**TASK STATEMENT**
Beginning with the line below that contains "Im Freien haben" and ending with the line that contains "Original Square Frosted", retype every line exactly. Pictures are not copied.
───── PROVIDED RECORDS ─────
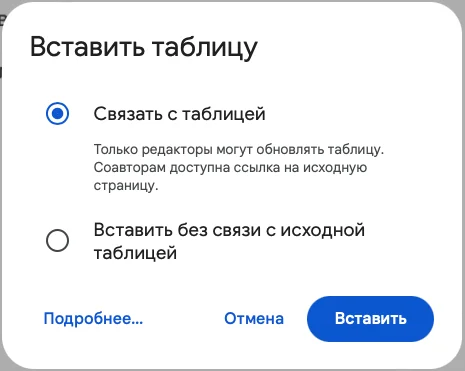 Если выберем пункт «Связать с таблицей», то при изменении данных в исходной таблице в Google Sheets они изменятся и в документе. Это удобно, если нужно часто обновлять информацию. Но есть ограничение: так можно вставить только таблицы, содержащие не больше 400 ячеек.
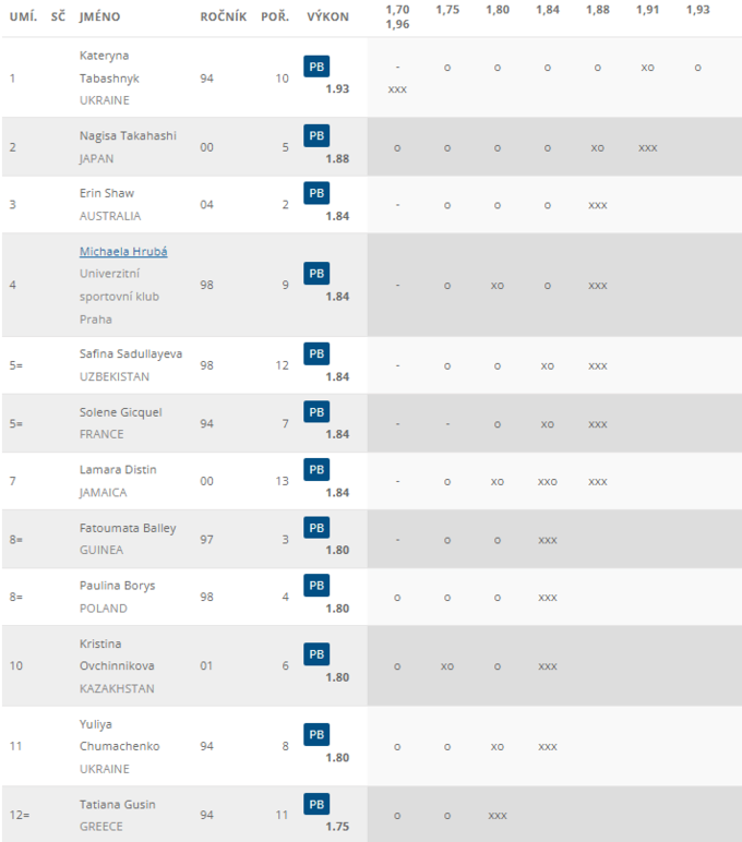 Табашник подолала з першої спроби 1.93 метри, але на позначці 1.96 метри завершила змагання.
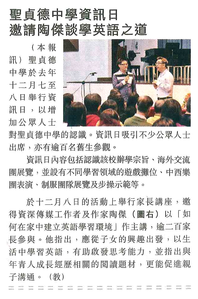 聖貞德中學資訊日 邀請陶傑談學英語之道
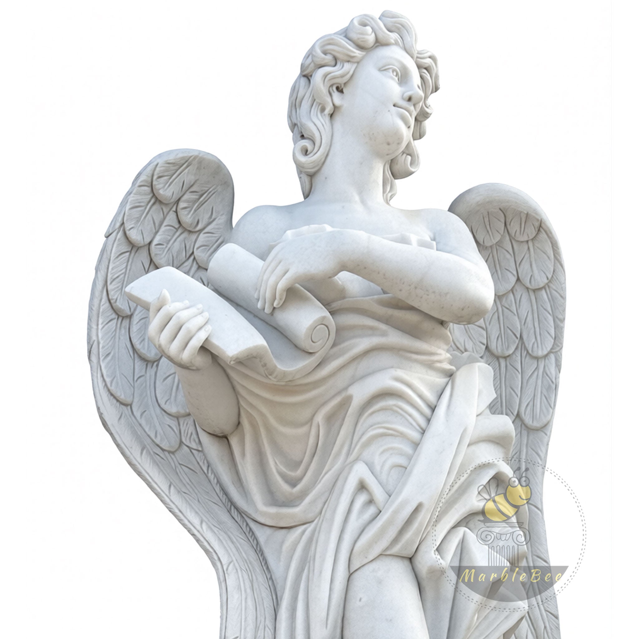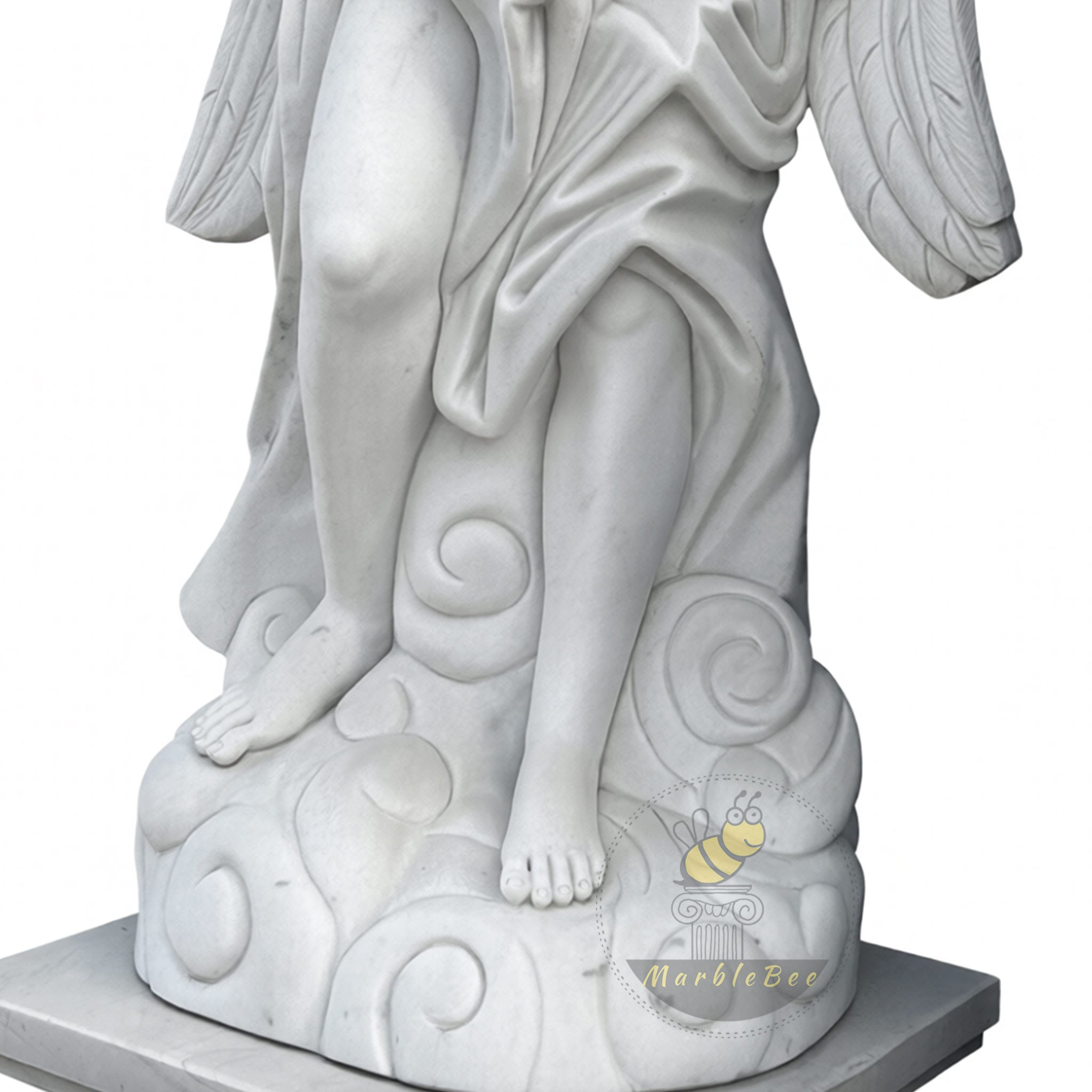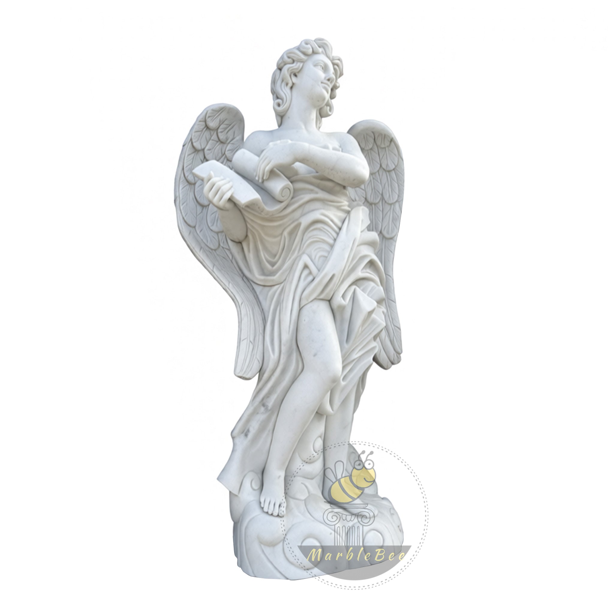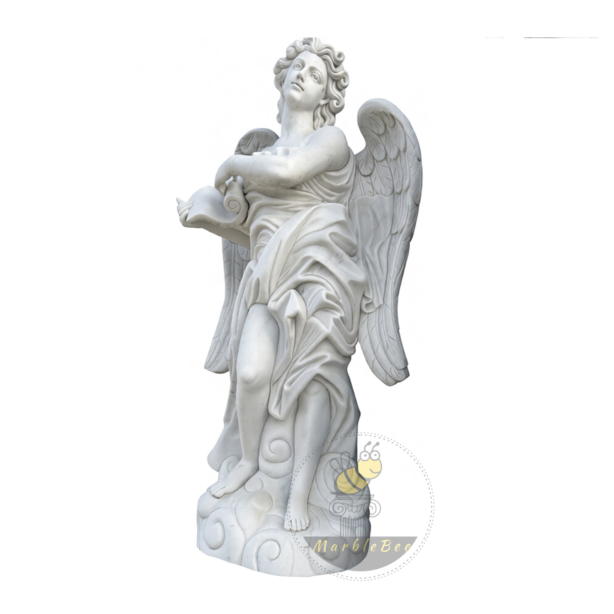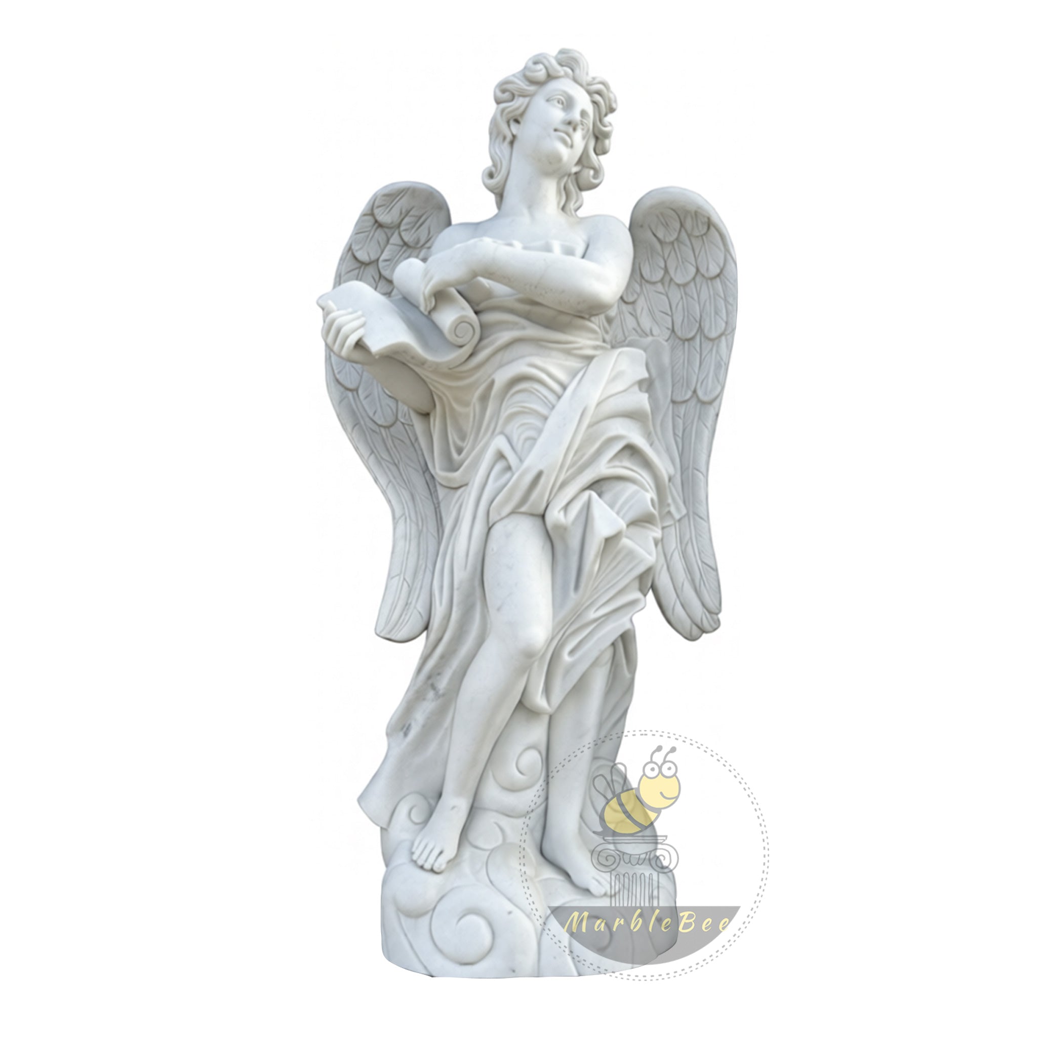 This marble sculpture for sale presents a poised white marble angel stepping lightly onto a cloud‑like base, bare toes emerging from swirling stone currents. Broad, feathered wings rise behind the figure, while a softly draped robe wraps around the torso and falls in layered folds over one extended leg. In both hands, the angel cradles an unfurled scroll, its curled end echoing the spirals of the base and suggesting a timeless message carved in stone.
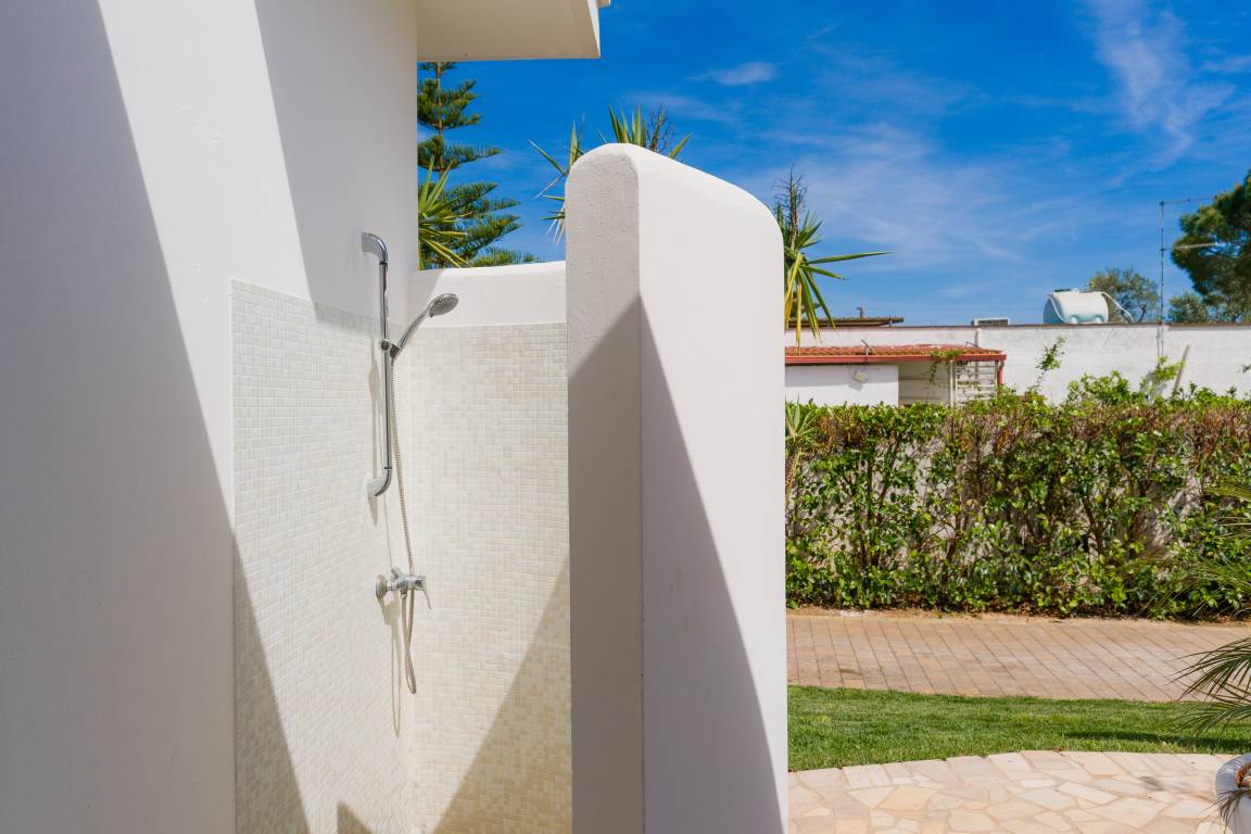 Im Freien haben Sie eigene Räume, einen Esstisch, Wohnzimmer, Grill und Dusche nach dem Strand;
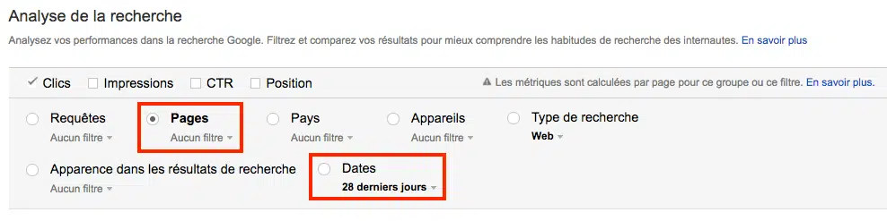 - Clics : le nombre brut de clics sur le lien de votre page dans les SERPs.
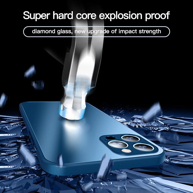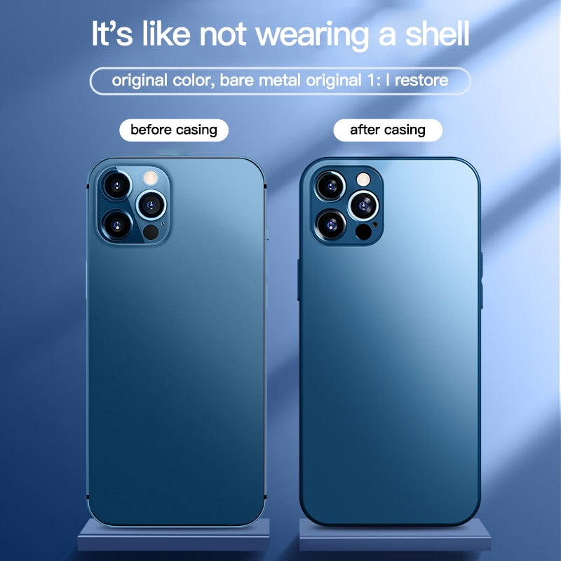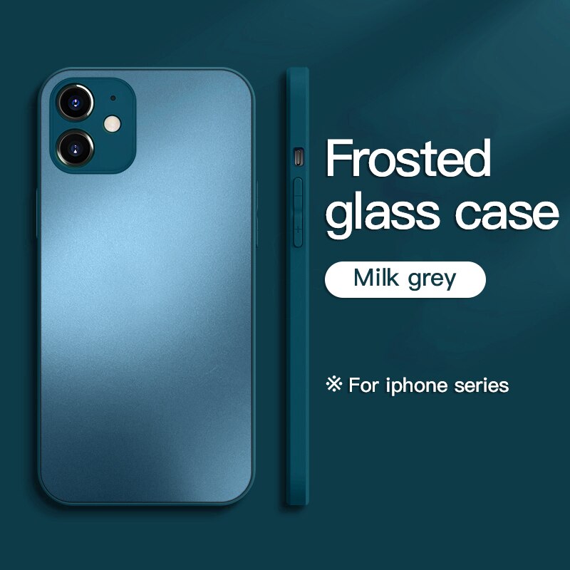 Original Square Frosted Tempered Glass Case For iPhone
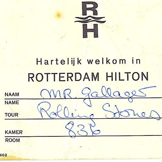 Representative of one of the many musical ‘what ifs?’ in Rory’s career, this surviving piece of paper comes from Rory’s invite to Rotterdam to jam/audition for the Rolling Stones in 1975. The sessions went well and, on the final night, Mick Jagger told Rory to go up to Keith Richards’ suite and speak to him (i.e., to find out if he was in the band). But when Rory got there, Keith was comatose in the bed. After failing to wake Keith on multiple occasions, Rory left a note saying, “You know where I am if you need me” and caught a plane back to Heathrow, ready to immediately travel to Tokyo for his Japanese tour. While joining the Stones could have been a big career break for Rory, as Bob Geldof nicely put it in the Ghost Blues documentary, “Rory could never have been able to put up with the bollocks of Mick and Keith.”
─────
**RESPONSE**
 Im Freien haben Sie eigene Räume, einen Esstisch, Wohnzimmer, Grill und Dusche nach dem Strand;
 - Clics : le nombre brut de clics sur le lien de votre page dans les SERPs.
 Original Square Frosted Tempered Glass Case For iPhone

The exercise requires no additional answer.